The Economic Impact of Varicose Veins on Healthcare Systems
**Disclaimer:** This article is for informational purposes only and does not constitute medical advice. Always consult a qualified healthcare professional for diagnosis and treatment of any medical condition.
Introduction: The Silent Burden of Varicose Veins
Varicose veins (VVs) and their more severe manifestation, Chronic Venous Insufficiency (CVI), represent a significant yet often underestimated public health challenge. Beyond the visible cosmetic concerns, these conditions are associated with a spectrum of debilitating symptoms, including pain, swelling, skin changes, and non-healing ulcers, profoundly impacting patients\' quality of life [1]. The pervasive nature of CVI and VVs extends beyond individual suffering, imposing a substantial economic burden on healthcare systems globally. This article delves into the multifaceted economic impact of varicose veins, examining direct and indirect costs, treatment landscapes, and disparities in care, with a focus on the implications for healthcare systems.
Understanding Varicose Veins and Chronic Venous Insufficiency
Varicose veins are enlarged, twisted veins, most commonly appearing in the legs and feet. They are a clinical manifestation of Chronic Venous Insufficiency (CVI), a progressive condition characterized by persistent, chronic ambulatory venous hypertension [2]. This hypertension arises from dysfunctional venous valves, leading to blood reflux and pooling in the lower extremities. The severity of CVI is systematically categorized by the Clinical-Etiology-Anatomic-Pathophysiology (CEAP) classification system, which ranges from C0 (no visible signs of venous disease) to C6 (active venous ulceration) [3].
Prevalence and Epidemiology
CVI is remarkably prevalent in developed countries. In the United States alone, over 25 million adults are affected by CVI, with approximately 6 million experiencing advanced stages of venous disease [1]. Global estimates suggest that CVI impacts 10-30% of the world\'s population [4]. The annual incidence of varicose veins is reported at 2.6% in women and 1.9% in men [1].
Numerous risk factors contribute to the development and progression of CVI and VVs. These include:
- **Obesity:** Defined as a body mass index >30 kg/m², obesity is consistently cited as a major risk factor [1].

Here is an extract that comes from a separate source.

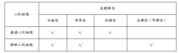 普通心肌細(xì)胞(包括心房肌和心室肌),具有興奮性、傳導(dǎo)性、收縮性,但不具有自律性。

- **Age and Gender:** Older age and female sex are frequently associated with higher prevalence, although the influence of gender is subject to ongoing research [1].
- **Pregnancy:** Hormonal changes and increased pressure on pelvic veins during pregnancy can exacerbate venous insufficiency.
- **Occupation:** Professions requiring prolonged standing or sitting are linked to an increased risk of developing varicose veins [4].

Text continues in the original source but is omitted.